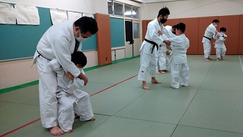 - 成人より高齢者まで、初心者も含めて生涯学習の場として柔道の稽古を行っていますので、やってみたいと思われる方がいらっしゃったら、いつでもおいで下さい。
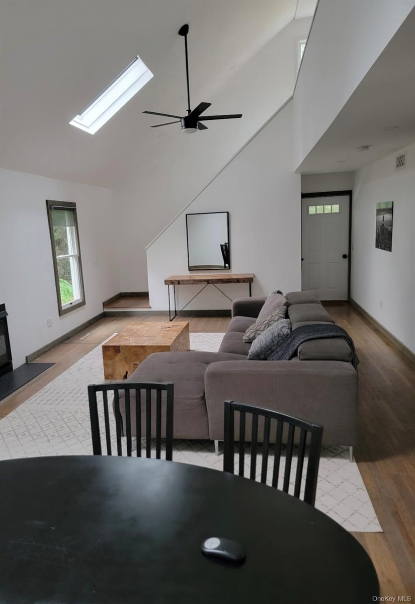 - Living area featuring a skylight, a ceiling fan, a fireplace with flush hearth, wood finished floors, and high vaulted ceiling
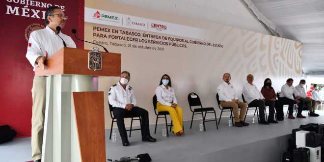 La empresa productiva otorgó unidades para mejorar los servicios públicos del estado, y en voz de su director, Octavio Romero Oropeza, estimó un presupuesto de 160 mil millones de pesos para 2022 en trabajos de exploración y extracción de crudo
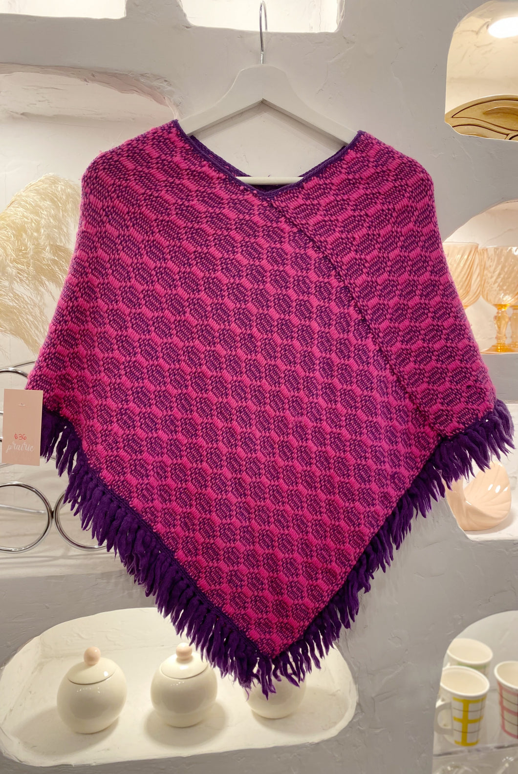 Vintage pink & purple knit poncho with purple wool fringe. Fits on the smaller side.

----------------------------------------

**Exercise brief**
This task calls for an exact copy of the data above, without pictures.

**Solution to this exercise**
 - 成人より高齢者まで、初心者も含めて生涯学習の場として柔道の稽古を行っていますので、やってみたいと思われる方がいらっしゃったら、いつでもおいで下さい。
 - Living area featuring a skylight, a ceiling fan, a fireplace with flush hearth, wood finished floors, and high vaulted ceiling
 La empresa productiva otorgó unidades para mejorar los servicios públicos del estado, y en voz de su director, Octavio Romero Oropeza, estimó un presupuesto de 160 mil millones de pesos para 2022 en trabajos de exploración y extracción de crudo
 Vintage pink & purple knit poncho with purple wool fringe. Fits on the smaller side.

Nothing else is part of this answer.